Sympathetic Ink: On tattoos and fat acceptance

My most recent tattoo. Isn't she gorgeous?

My most recent tattoo. Isn’t she gorgeous?

When I got my first tattoo – a small ‘Love’ symbol on my right wrist – back in 2008, I laughed when people told me that they were addictive. ‘Nope,’ I told everyone. ‘That’s not going to happen to me. I might get one or two, but I’m not going to be one of those people with ink covering both arms.’ Cut to a fortnight ago when I decided that my left arm was ‘looking a bit bare’ and it made sense to get a fantastically fierce (and gigantic) tiger lady tattooed on it. Famous last words and all that.

It’s a massive cliché, but I love my tattoos. I have eight of them (so far) and they are as much a part of me as one of my arms or feet. They’re a map of memories on my skin – markers of my constantly evolving relationship with my body, a process that has been as challenging as it has been rewarding.

Four of my tattoos.

Four of my tattoos.

Like many people, I’ve spent a fair chunk of my life waging a war against my appearance. For most of my 20s I believed I was too unattractive, too weird and too fat for anyone to take me seriously. I will never forget logging on to a forum I frequented in 2005 to discover that some people (who I misguidedly thought were my friends) had uploaded a picture of me and were poking fun at my hair, my clothes and my size. Or the time that my ex asked me what happened to the skinny girl he fell in love with. Little things, but they stick to you like tar, making you feel lumpen and useless.

This isn’t some sob story. I’m sure that everyone reading this will have similar tales to share (after all, we live in a society that encourages us to find fault with ourselves in the smallest things.) As I’ve gotten older, I’ve called a truce in the war I’d been constantly waging against myself. I don’t have the time or the energy to invest in trying to take up less space in the world. Instead, I’d much rather work on appreciating the fantastic landscape of my body – belly rolls, double chin and all.

My favourite picture of me with my rolling pin tattoo. You would never know that I'd only had four hours sleep when this picture was taken.

My favourite picture of me with my rolling pin tattoo. You would never know that I’d only had four hours sleep when this picture was taken.

I see getting tattooed as my own form of self care. It shows that I care about my body so much that I want to cover it in beautiful, interesting art that I can show off to the world. That I am proud to show off a fat body, which I am supposed to feel discomforted and shamed by. I’ve written before about my mildly antagonistic relationship with my upper arms, always believing them to be too white and too flabby.
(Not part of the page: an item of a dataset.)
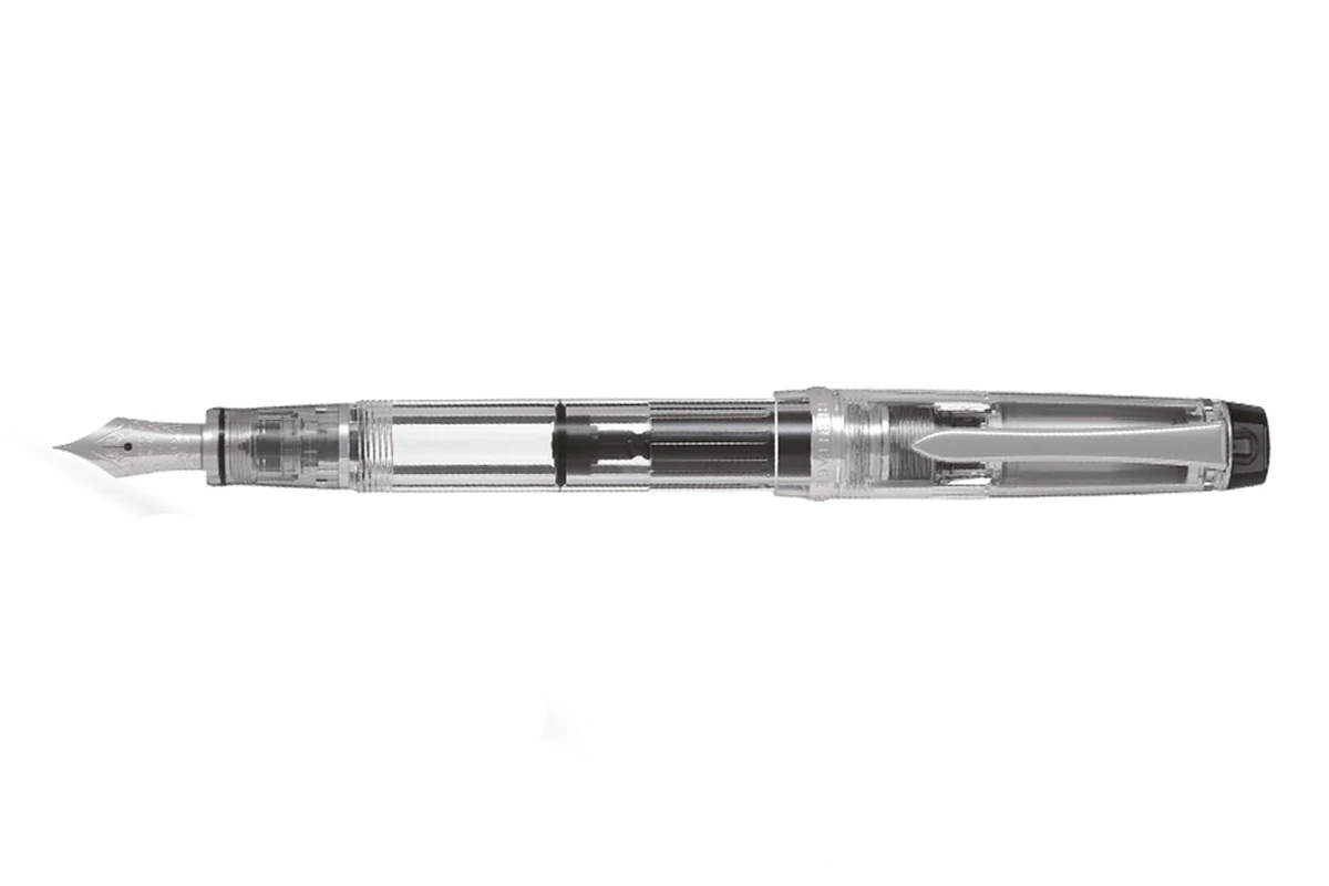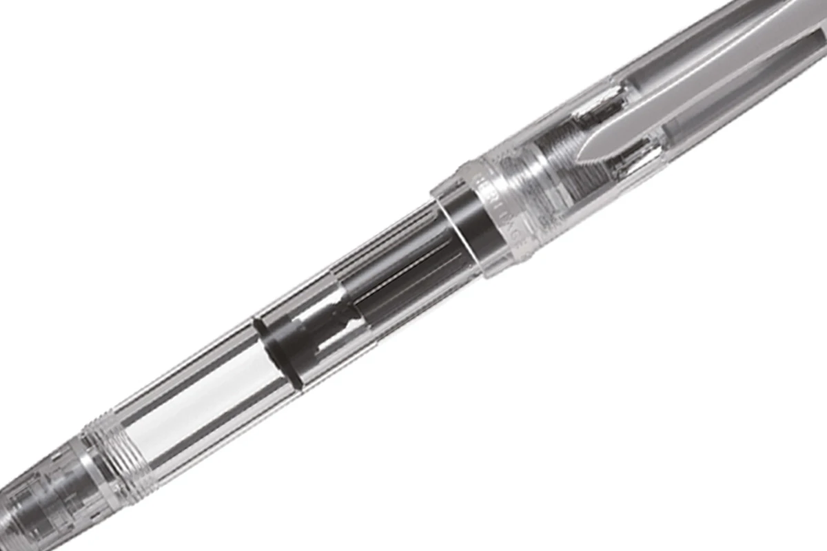 De pen is gemaakt van kleurloos transparant hars met een platte topvorm. De transparante houder onthult het mechanisme van de zuiger, met name de spoel en de zwarte stop die de inkt volledig luchtdicht afsluit.

Getting them inked gave me the perfect opportunity to flaunt them and their satisfying roundness to the world. I still have days where I feel uncomfortable or anxious about how I look. But I have even more where I look in the mirror and see a super-hot, confident woman looking back at me. A woman who just happens to have a naked pin-up girl decorating her right arm.

I realise that getting tattooed is not for everyone. Good ones done by experienced artists are expensive and I’m exceptionally privileged to be able to afford mine. I am also lucky enough to work in an environment where they have never been an issue (although I do keep them covered when I have to be ‘professional.’) And whenever I’ve shown them to my parents, they’ve been met with a drama-free meh rather than a cry of you’ve brought shame upon this family!  Although my Dad did raise an eyebrow when I got a giant multi-coloured rolling pin on my right arm.

Fat positivity is expressed in a variety of different ways. Mine just happens to come in the form of signs and symbols swirling over my arms. And when people ask me what my various tattoos mean, I tell them that they mean that my body is important. My body is magnificent. My body is beautiful.